Sind Sie da auf gutem Weg?
Auf jeden Fall. Unser Effizienzprogramm greift und wird am Kapitalmarkt gut aufgenommen.

Auf Seite 2: Aktie ohne Energie



Was den einstigen Platzhirschen IBM und Nokia widerfuhr, könnte bald auch RWE drohen: die komplette Änderung des Geschäftsmodells. Der zweitgrößte deutsche Energiekonzern steckt in der größten Krise seiner Geschichte. Der Gewinn bricht zunehmend weg, weil sich die konventionellen Kraftwerke nicht mehr rechnen. 2013 machte RWE erstmals einen Nettoverlust. Im zweiten Quartal gab es nur einen Miniüberschuss von 91 Millionen Euro.

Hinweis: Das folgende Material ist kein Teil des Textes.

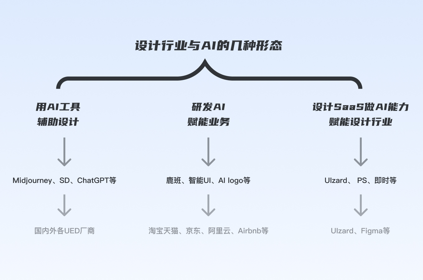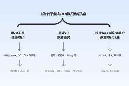 這里不涉及設計作為UI、UX接相關AI業務需求的場景,目前主要的關系是用AI工具輔助設計,設計驅動研發AI賦能業務在部分大廠有,非常稀缺,設計SaaS賦能行業總體來講玩家數量有限,這里不再贅述。
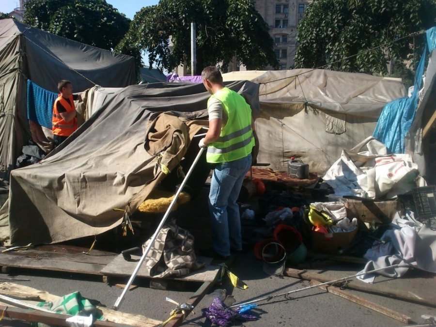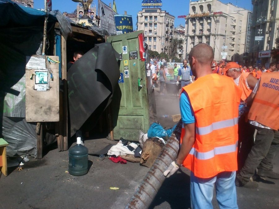 Незважаючи на спротив активістів, які живуть на Майдані, комунальники продовжують розбирати намети та барикади по всьому периметру Майдану крім вулиці Інститутської.
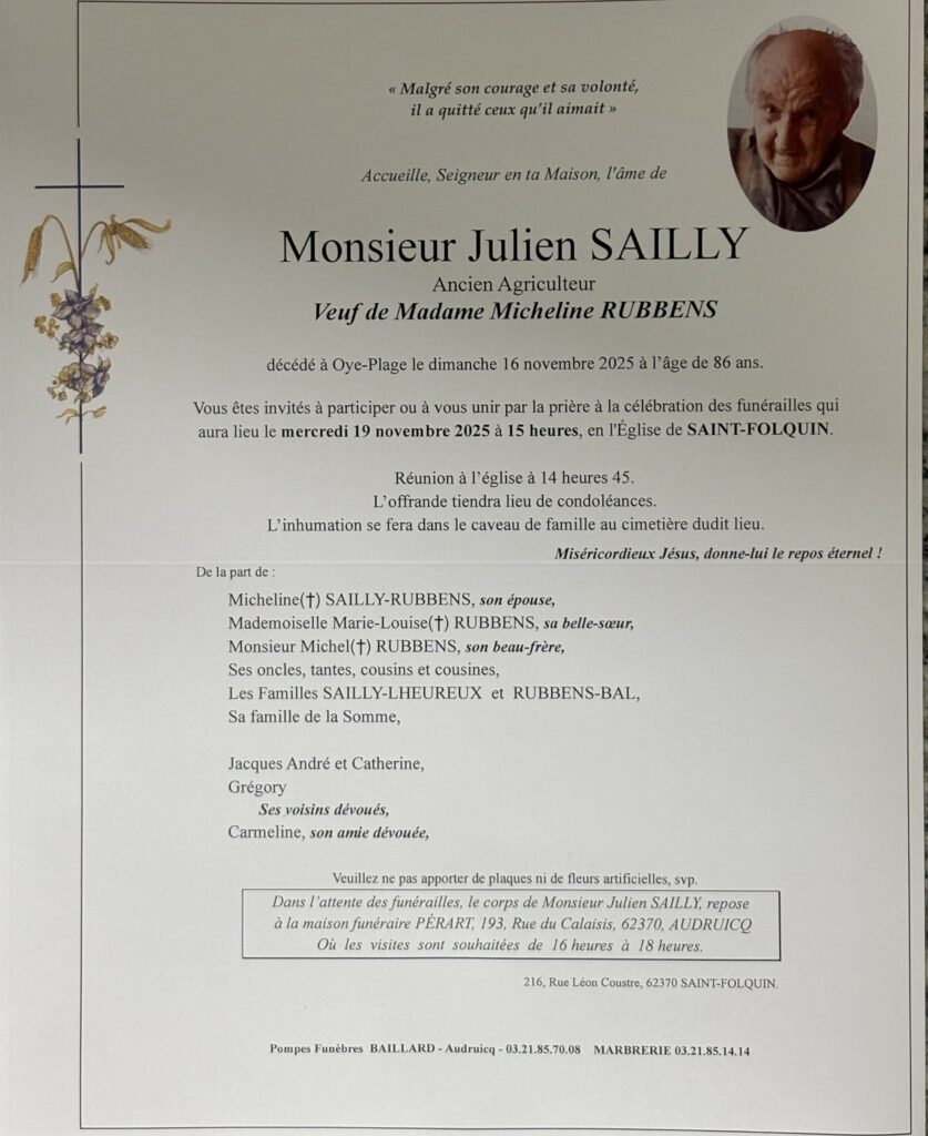 Monsieur SAILLY, repose au salon funéraire PÉRART,
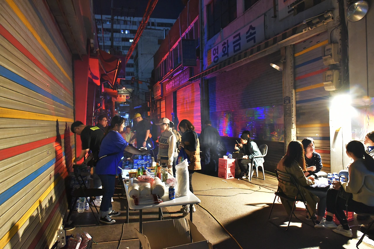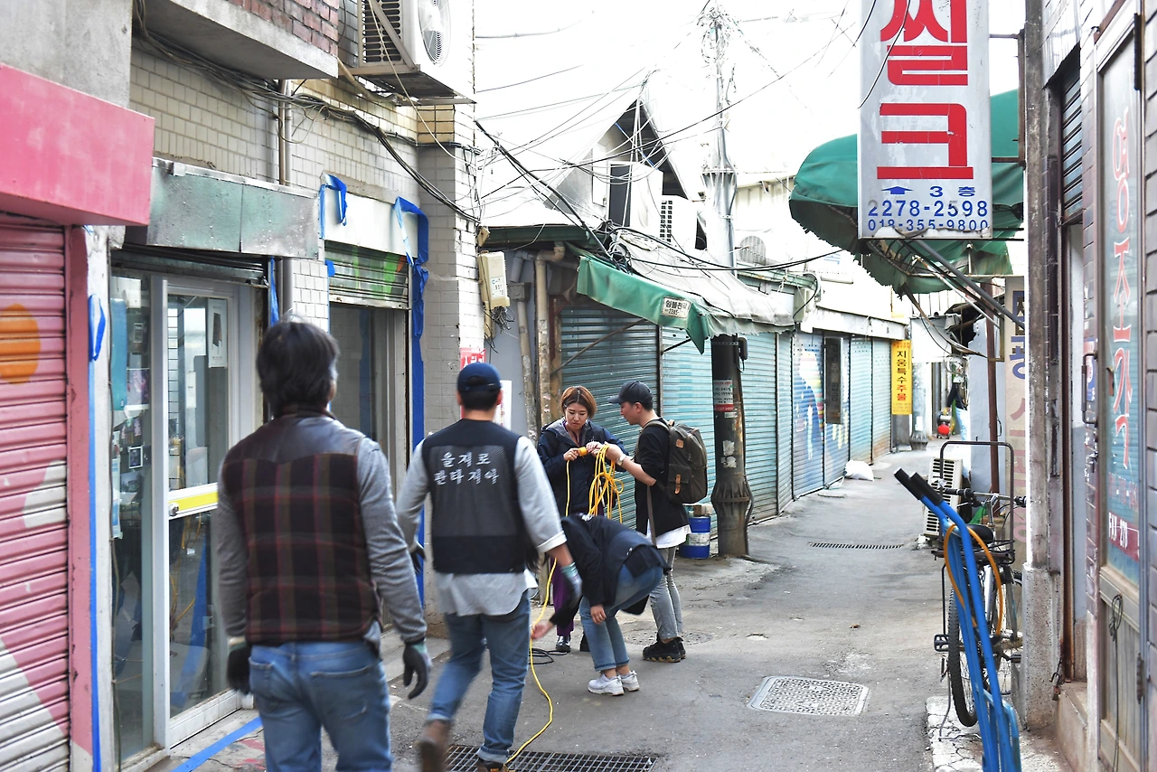 그렇게 오후 6시. 설치는 완료되지 못했고 현장은 여전히 수선했습니다. 복잡하고 이해관계가 많았던 골목은 항상 우리의 계획에 순응해주지 않았습니다. 그날도 마찬가지였습니다. 설치 속도는 예상에 미치지 못했지만 현장에 있는 이들이 지역 구조에 대한 이해가 높았기에 큰 사고는 없었습니다.

RWE-Chef Peter Terium fordert eine Revolution. Der Konzern müsse sich zum dezentralisierten, flexiblen Energiemanager wandeln. Der Umbruch hat bereits begonnen. Immer mehr Kraftwerke werden dichtgemacht. Beim Abstoßen von Unternehmensteilen, die nicht mehr zum Kerngeschäft gehören, kommt RWE aber so nicht recht voran. Selbst der Verkauf der lukrativen Ö- lund Gastochter Dea droht am Widerstand der britischen Regierung zu scheitern.

Die Jahresziele dürften dennoch erreicht werden, glauben die meisten Analysten. RWE peilt ein Nettoergebnis von 1,2 bis 1,4 Milliarden Euro an. Die Erholungstour der Aktie geriet zuletzt jedoch ins Stocken. Auf Jahressicht notiert das Papier noch leicht im Plus. Die meisten Analysten beurteilen die Aussichten skeptisch. Neun von 23 Experten raten zum Verkauf, nur sechs zum Kauf. Fraglich ist, ob RWE auch künftig seine gro.zügigen Dividendenversprechungen einhalten kann. Für 2014 soll erneut ein Euro je Aktie ausgeschüttet werden.